Hacker News new | past | comments | ask | show | jobs | submit login
Matrices and Graph (thepalindrome.org)
205 points by jgrodziski on July 15, 2023 | hide | past | favorite | 45 comments



Fun fact: this is only valid for domains that have a notion of "selfness", i.e. that there is such thing as an "identity matrix" for the quantities.

Consider the following square matrix:

            TSLA APPL GOOG MSFT    
    Alice | 100   5     0    1
    Bob   |  0    30   100   5
    Carol |  2    2     2    2
    Dan   |  0    0     0  1000
An input vector of stock prices gives an output vector of net worths. However, that is about the only way you can use this matrix. You cannot transform the table arbitrarily and still have it make sense, such as applying a rotation matrix -- it is nonsensical to speak of a rotation from Tesla-coordinates to Google-coordinates. The input and output vectors lacks tensor transformation symmmetries, so they are not tensors.
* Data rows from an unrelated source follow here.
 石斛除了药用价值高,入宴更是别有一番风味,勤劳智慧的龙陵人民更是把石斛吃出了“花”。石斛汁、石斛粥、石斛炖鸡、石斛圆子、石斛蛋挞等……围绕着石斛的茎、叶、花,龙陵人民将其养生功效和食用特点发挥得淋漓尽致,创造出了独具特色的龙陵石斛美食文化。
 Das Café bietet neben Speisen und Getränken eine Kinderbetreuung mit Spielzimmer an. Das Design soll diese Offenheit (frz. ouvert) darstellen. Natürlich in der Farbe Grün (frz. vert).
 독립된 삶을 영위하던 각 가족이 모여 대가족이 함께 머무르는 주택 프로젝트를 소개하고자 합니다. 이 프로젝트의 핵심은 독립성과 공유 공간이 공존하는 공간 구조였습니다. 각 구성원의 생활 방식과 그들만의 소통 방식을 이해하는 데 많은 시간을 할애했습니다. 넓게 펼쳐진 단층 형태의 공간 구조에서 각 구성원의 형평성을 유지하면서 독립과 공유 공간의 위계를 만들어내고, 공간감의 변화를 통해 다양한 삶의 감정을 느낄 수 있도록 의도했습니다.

This is also why Principal Component Analysis and other data science notions in the same vein are pseudoscience (unless you evaluate the logarithm of the quantities, but nobody seems to recognize the significance of unit dimensions and multiplicative vs additive quantities)
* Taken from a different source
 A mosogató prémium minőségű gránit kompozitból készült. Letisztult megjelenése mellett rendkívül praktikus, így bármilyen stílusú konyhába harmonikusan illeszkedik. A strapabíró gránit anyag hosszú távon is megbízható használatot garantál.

There's a little more nuance:

1. Technically, the table you shared is better thought of as a two-dimensional tensor, rather than a "graph-like matrix" -- which as you point out must be a linear map from a (vector) space to itself.

2. While not technically "Principal Component Analysis", one could do "Singular Value Decomposition" for an arbitrarily shaped 2-tensor. Further, there are other decomposition schemes that make sense for more generic tensors.

3. (Rotations / linear combinations in such spaces) Given a table of stock holdings, it can be sensible to talk about linear combinations / rotations etc. Eg: The "singular vectors" in this space could give you a decomposition in terms of companies held simultaneously by people (eg: SAAS, energy sector, semiconductors, entertainment, etc). Likewise, singular vectors on the other side would tell you the typical holding patterns among people (and clustering people by those, eg. retired pensioner invested for steady income stream, young professional investing for long-term capital growth, etc). As it turns out, this kind of approximate (low-rank) factorization is at the heart of recommender systems.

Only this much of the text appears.